This vegetable broth recipe, made with vegetable scraps, is economical and easy and vegetarian and can be kept in the freezer.
If you collect vegetable scraps throughout the week, you’ll find yourself with more than enough materials to make this sumptuous vegetable broth recipe come Sunday.–Erin Scott
LC Guilty Conscience Note
Do you get clobbered by a guilty conscience each time you let vegetables languish in the fridge?
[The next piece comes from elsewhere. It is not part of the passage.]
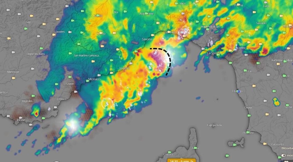 ciò che le carte non riescono a vedere, sicuramente non a due o tre giorni di distanza, ma in questo caso neppure a 12 ore dall’evento, era la formazione di un fronte temporalesco così organizzato sul mar ligure.

Yeah, us too. “Even when I toss perfectly good veggie scraps into the compost bin, I feel a tug at my conscience telling me the act is wrong,” says the author of this lovely, if loosely defined, vegetable broth recipe. Gah. It’s like she can read our minds. No more guilt, though. Not with this recipe.
- Quick Glance
- 10 M
- 4 H
- Makes about 6 cups
- Veggie scraps, such as tough green ends of leeks, bok choy, broccoli florets, turnips and their greens, a wayward carrot, a lonely celery rib, extra onion half, etc. (Avoid using carrot tops in your broth–We think they impart a bitter flavor.)
- Bay leaf
- A few dozen peppercorns
- Sea salt
- A few garlic cloves or shallot
- Herbs of your choosing
- Parmesan rind (optional)
- 1. Rinse your veggie scraps and toss them into a stock pot. Add the bay leaf, peppercorns, salt, maybe a few cloves of garlic or a shallot, any extra herbs you’ve got lying around, and maybe a rind of Parmesan, if you want. (You can veer from the recipe and use practically anything you want.) Cover everything with plenty of water. Bring the liquid to a boil, then turn the heat down to achieve a gentle simmer. Partially cover the pot and watch your scraps turn into nourishment after a few hours of simmering.
- 2. When the vegetable broth is infused with flavor, turn off the heat and let the liquid cool a bit. Taste and adjust the seasoning, if desired. Use a slotted spoon to scoop the used vegetables right into the compost bin and strain the broth through a fine mesh strainer.
- 3. Use your vegetable broth to make risottos, soups, stews—any recipe you crave. You can stick the broth in lidded containers or resealable plastic bags and stash in the fridge for up to several days or toss it in the freezer until you need it.